As my eyes followed a flock of birds into the never ending sky, a huge noise was created by the wild boars scrambling off the slush into nearby forest. An eerie silence followed for a few moments as my jeep driver hurriedly whispered " Saab tiger dekho", pointing out to the grasses near where the wild boars were grazing. I scanned entire length of the grassland through my field glasses but nowhere was the king of the jungle in sight. It was gone as soon as it had come. A small distance away, the silence of the evening was shattered by the desperate cries of chitals and langurs, warning their brethren of the impending danger. The sambar stopped grazing and very nervously began to move out of the water one by one, not knowing what the dense forests held out to them. I was at Ranathambhore, among the richest national parks of India- both in natural wealth and history. The 1000 year old Ranathambhore forest over looked this north western limit of the royal Bengal tiger amidst the forest clothed Aravalli and Vindhya hill ranges.

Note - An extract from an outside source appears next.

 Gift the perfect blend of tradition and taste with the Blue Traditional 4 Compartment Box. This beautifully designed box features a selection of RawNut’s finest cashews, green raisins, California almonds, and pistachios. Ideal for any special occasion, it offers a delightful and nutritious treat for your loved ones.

From a common man interested in spending some time amidst nature to a serious wildlife photographer eager to capture the rarest wildlife images, Ranthambhore is a paradise. The tigers of Ranthambhore are perhaps the most photographed in India. The open forests, lush meadows, many water spots offer good oppurtunity for any one interested in sighting this pride of India's natural wealth, which is not as easy in many of the other well known forests. The stealthy leopard, elusive jungle cat, laughing hyaena, scavenger jackal, willy fox and the highly endangered caracal are among the other carnivores here. Herbivores like sambar, chital are found in plenty, while Bluebull or Nilgai, can be seen even on the outskirts of the park. Wild boar, chinkara (Indian gazzelle), mongoose, hare are the other animals likely to be seen. Birds like Indian tree pie are commonly sighted and water birds including storks and many migratory ducks abound the lakes. There are particular spots in the park to watch rare birds like collared scops owl. Most of the 270 species of birds recorded here, like the animals are used to tourists, hence photographing them is not difficult.

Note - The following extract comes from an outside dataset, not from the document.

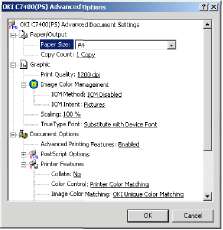 (d) Выберите желаемое управление цветом и цветовое соответствие из [Printer Features (Возможности принтера)].

The habitat of Ranthambore National Park along with lakes, as seen from atop the 1000-year old Ranthambore Fort
The vegetation is very interesting with grasses overgrowing plateaus and dense forests following the seasonal streams. The forest type is mainly tropical dry decidous and dhak, a species of tree capable of withstanding long periods of drought, is the commonest. Also many flowering species, particularly 'flame of forest' (Butea monosperma) add colour to the dry summers. Many huge banyan trees can be seen around the three big lakes padam talav, mallik talav and raj bagh which stud the forest like some costly pearls in a priceless jewellery.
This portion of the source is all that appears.